Discours de présentation du prix Marcel Aymé 2012 décerné à Carole Martinez, pour Du Domaine des Murmures, par Claude Bouheret, président du jury :

 

« Certaines œuvres littéraires ont besoin du silence d’une chambre close pour être appréciées, pour que la force de leur récit et la magie de leur poésie soient source d’émerveillement ou de surprise.

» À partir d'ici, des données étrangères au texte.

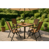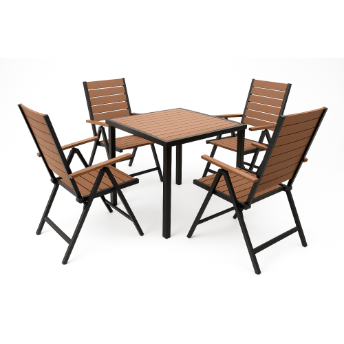 Zahradní nábytek v sestavě jednoho stolečku a čtyř pohodlných křesel zútulní každou terasu nebo pergolu. Konstrukce nábytku je z lehkého hliníku, deska stolu a sedací částí křesel z odolného kompozitního materiálu, který se postará o jeho dlouhou životnost při minimální údržbě. Materiál je velmi odolný povětrnostním vlivům a UV záření a bude zdobit Vaši zahradu po dlouhá léta. Jedná se o výbornou imitaci vzhledu dřeva teak.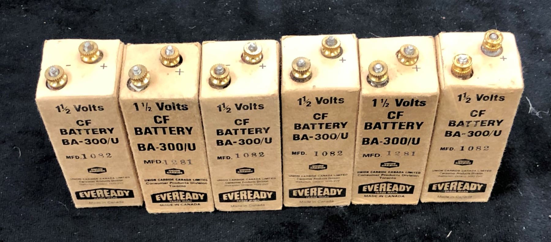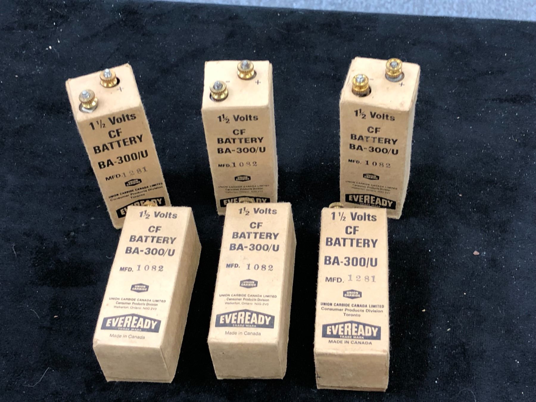 Six Vintage Eveready batteries for telephones & remote radio equipment - good for display (dead batteries)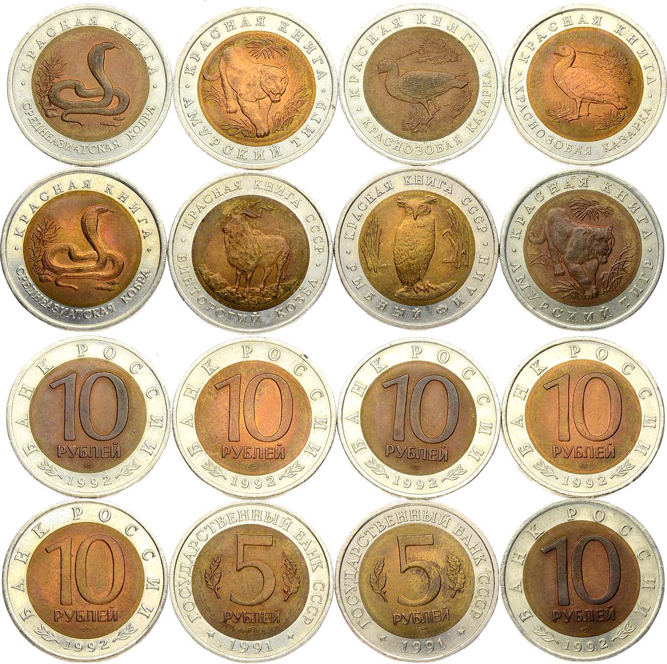 Биметалл. 5 рублей 1991 года. Винторогий козёл. 5,92 г. Ленинградский монетный двор. Тираж: 550.000 экз. UNC. 5 рублей 1991 года. Рыбный филин. 6,01 г. Ленинградский монетный двор. Тираж: 550.000 экз. UNC. 10 рублей 1992 года. Амурский тигр. 5,89 г. Ленинградский монетный двор. Тираж: 300.000 экз. UNC. 10 рублей 1992 года. Амурский тигр. 5,93 г. Ленинградский монетный двор. Тираж: 300.000 экз. UNC. 10 рублей 1992 года. Краснозобая казарка. 5,89 г. Ленинградский монетный двор. Тираж: 300.000 экз. UNC. 10 рублей 1992 года. Краснозобая казарка. 5,97 г. Ленинградский монетный двор. Тираж: 300.000 экз. UNC. 10 рублей 1992 года. Среднеазиатская кобра. 6,06 г. Ленинградский монетный двор. Тираж: 300.000 экз. UNC. 10 рублей 1992 года. Среднеазиатская кобра. 5,82 г. Ленинградский монетный двор. Тираж: 300.000 экз. UNC. UNC.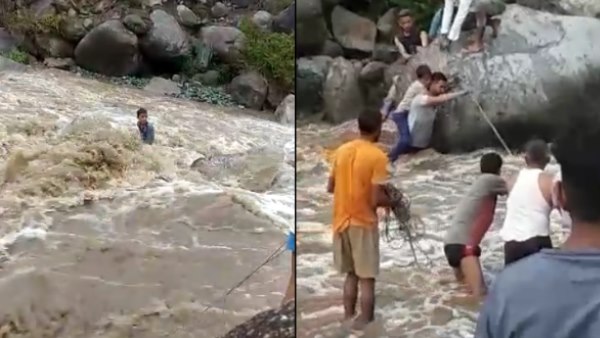 पहाड़ों के बीच नदी के बहाव में बह रहे थे 4 मासूम, मसीहा बनकर आए लोगों ने जान पर खेलकर यूं बचाई जान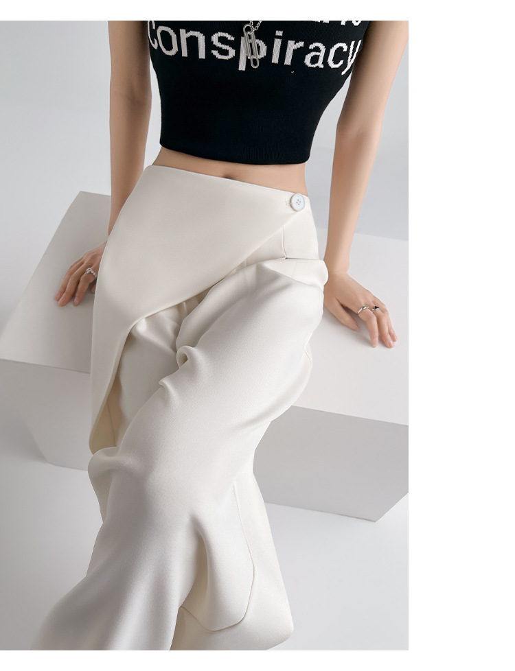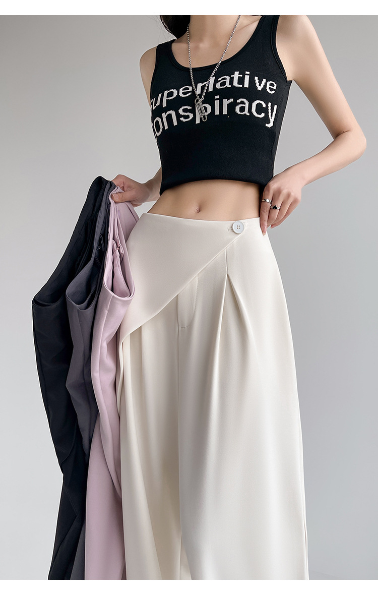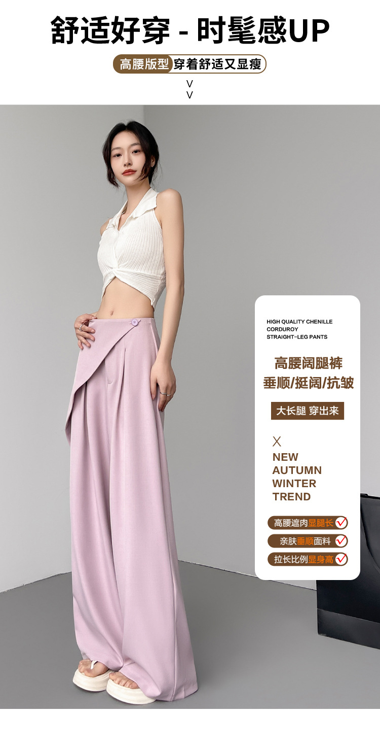 실제 샷 하이 엔드 투피스 세트 와이드 레그 바지 여성의 하이 허리 디자인 감각 기질 스트레이트 캐주얼 세트 플로어 바지

Du Domaine des Murmures, le livre de Carole Martinez qui a obtenu le prix Marcel Aymé cette année, nous fait entrer dans un monde de mystère et de silence auquel il convient d’être attentif.

Ce beau roman nous entraîne dans une aventure où l’Histoire, celle des dames du XIIe siècle que dévoile Georges Duby dans l’exergue du livre, est mise au service d’une action qui tient le lecteur en haleine et lui propose une réflexion exigeante et subtile sur la liberté, la féminité, le respect et l’amour.

Les membres du jury du prix Marcel Aymé que je présidais cette année avec Jean-Pierre Belleville, le talentueux secrétaire de l’Association des amis de Marcel Aymé, présent parmi nous, m’ont demandé d’être leur interprète pour vous dire, chère Carole Martinez, combien ils ont aimé votre livre, choisi à l’unanimité parmi ceux qui leur avaient été proposés.

Je dois avouer, à ce sujet, qu’ils n’eurent pas la tâche facile pour vous départager d’un valeureux rival, mais vous avez remporté cette joute littéraire, et nous vous en félicitons chaleureusement.

 

Dans ce roman, vous écrivez qu’on gagne le château des Murmures par le nord, que ce lieu est tissé « de filets de voix entrelacées et si vieilles qu’il faut tendre l’oreille pour les percevoir » ; et c’est à Hautepierre, dans la vallée de la Loue, que nous remontons le temps en votre compagnie.

Contrairement à ce qu’on pourrait imaginer, votre Moyen Âge n’est pas celui d’un roman historique dont le cadre serait franc-comtois ; il est plutôt le regard très personnel que vous portez sur ces périodes anciennes, sur leurs excès et leurs contradictions religieuses et sociales. Votre démarche est, de ce fait, plus historicisante qu’historique, et le corpus de références jamais pesantes et à peine érudites que vous utilisez, vous permet de camper avec vigueur et poésie, en toute liberté, le décor dans lequel évoluent vos personnages épris d’absolu.

Ainsi, le temps des Croisades devient sous votre plume celui d’une chronique pleine de rebondissements inattendus qui mélange habilement les codes du roman d’aventure à ceux plus subtils de la poésie et du rêve, et votre lecteur se laisse guider dans un monde brutal et tendre empreint d’une spiritualité incandescente.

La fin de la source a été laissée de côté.